UniCredit narrows FX focus to CEE

UniCredit is a misunderstood European banking powerhouse, says Bernd Bröker, the recently instated global head of G10 FX. He puts that down to its complex merger history that is sometimes difficult for outsiders to understand and piece together.

It’s an all too familiar catch-cry for UniCredit’s seemingly perennial fledgling FX business, which for sometime has been long on potential yet short on results. As far back as December 2007, the bank’s then head of FICC Ben Welsh told Euromoney of the UniCredit’s underestimated depth and potential to become a top-five player in global foreign exchange. The bank had ambitions to expand beyond its corporate foundation, into real money and hedge fund clients and in last year’s Euromoney FX survey, the bank reached 20th position, its best ever finish.

There has never been any denying the potential of UniCredit’s FX business. It has a balance sheet approaching €1 trillion, a presence in 22 countries and access to more than 437,000 European companies, which range from multinationals in Italy and Germany, to SMEs in the Ukraine and Turkey. The problem, it seems, has always been in the execution.

This, in recent years, has been complicated by some fairly severe headwinds. The eurozone crisis has taken its toll on UniCredit, while the integration of a rapid succession of mergers across Europe, between 1998 and 2007, has been protracted, leaving it vulnerable to being undercapitalized as the crisis deepened through 2010 and 2011. Indeed, it needed to raise €8 billion, the second-largest amount of any European bank.

That came after a €10.6 billion loss in the third quarter of last year, which saw its share price plummet 58%, and its five-year CDS to sky rocket to more than 546 basis points – a red alert for counterparty risk managers. This was all the more worrying, given that 83% of its volumes in last year’s survey came from bank clients.

Reducing risk

Around the same time, the bank’s global head of trading Nick Crawford resigned, and the global head of sales Steve Turner exited shortly after – though the bank says he hasn’t yet officially left. One source close to the bank tells EuromoneyFXNews that Crawford had become frustrated by the fact the bank had become “terrified” of taking on risk. Crawford joined Commerzbank in January as global head of trading.

UniCredit says it has reduced its VAR limits to be more in line with current usage and believes it can grow revenues without growing risk substantially. It says it will do this by using capital more efficiently and growing customer market share, and then, as that business grows, it will allocate more VAR to the business.

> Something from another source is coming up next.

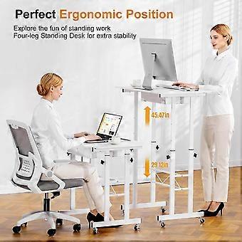 Small Standing Desk Adjustable Height Mobile Rolling Laptop Table for Home Office Workstation, Compact Size, White Finish

The bank is now realigning its focus away from more mature markets to refocus on Central and Eastern Europe. In its latest strategic plan, it states its objective to become the “undisputed leader in CEE” across all products. Here the bank is on more familiar ground, though it still has the potential to be a double-edged sword.

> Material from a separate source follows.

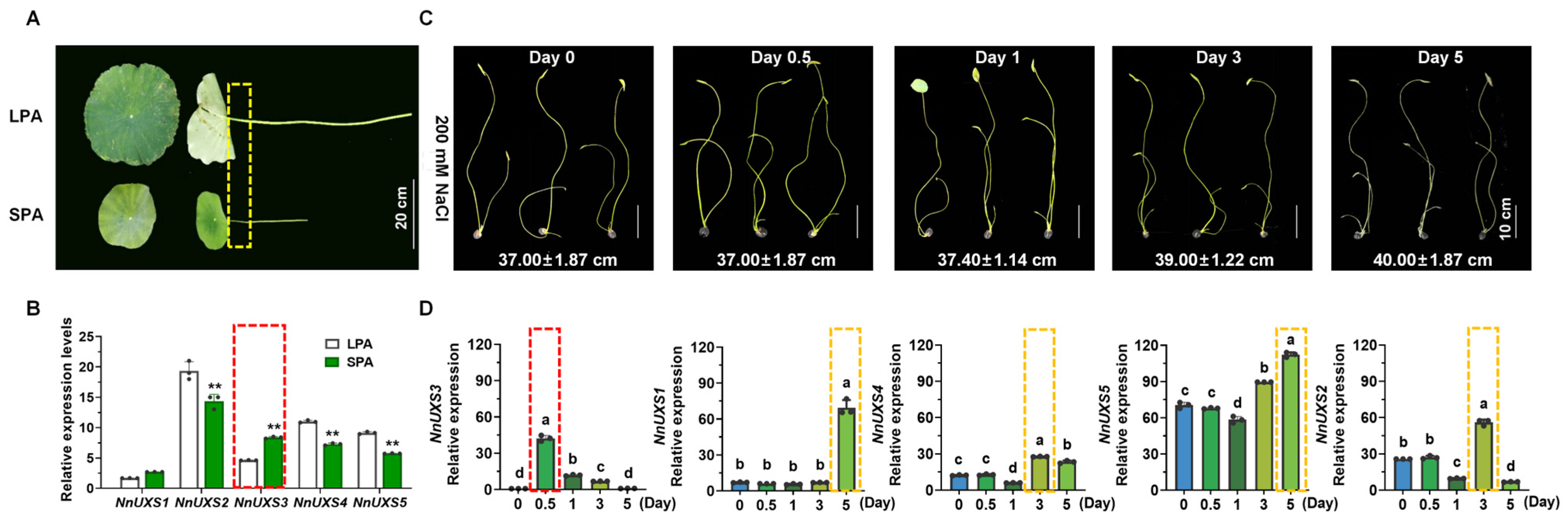 Wang, L.; Zheng, X.; Liu, Y.; Mao, Q.; Chen, Y.; Zhao, L.; Cheng, X.; Chen, L.; Hu, H. Genome-Wide Analysis of Nelumbo nucifera UXS Family Genes: Mediating Dwarfing and Aquatic Salinity Tolerance. Plants 2026, 15, 116. https://doi.org/10.3390/plants15010116

Whilst the bank’s core competency is in currencies that exhibit wide spreads, frequent volatility, infrequent illiquidity and who register as some of the worst-performing currencies during the past 12-months – making them ripe for hedging activity – there are also risks.

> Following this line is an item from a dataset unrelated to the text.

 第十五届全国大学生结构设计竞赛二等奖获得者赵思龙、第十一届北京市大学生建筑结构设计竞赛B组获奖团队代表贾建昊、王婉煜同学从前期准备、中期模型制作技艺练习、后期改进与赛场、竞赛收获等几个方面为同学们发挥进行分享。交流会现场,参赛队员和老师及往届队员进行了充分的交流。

The CEE sits in the backwash of the crashing wave of the eurozone. A protracted slowdown in Europe would be particularly harmful to the export-driven countries in Eastern Europe, whose main markets lay to the west, while also discouraging new investment in the region.

CEE dominance – a work in progress

“There’s no doubt UniCredit can
leverage what it offers on the
corporate side to other client
Bernd Bröker, global head of
G10 FX

Nonetheless, it’s one area where the bank has made progress in recent years. In 2011’s survey, it jumped from 21st place to fifth position with non-financial corporations in Central and Eastern Europe, excluding Russia, with a market share of more than 5%, up from less than 1% the previous year. Bröker says this area of the market has yet to be fully exploited. By contrast, its ranking in Western Europe virtually fell off a cliff last year, gapping from 15th in 2010 to 31st, which represented a four-fold drop in volume.

And while Bröker’s predecessors might have made a limited impact on penetrating the institutional client base, he hasn’t given up on the prospect of making inroads with real-money investors.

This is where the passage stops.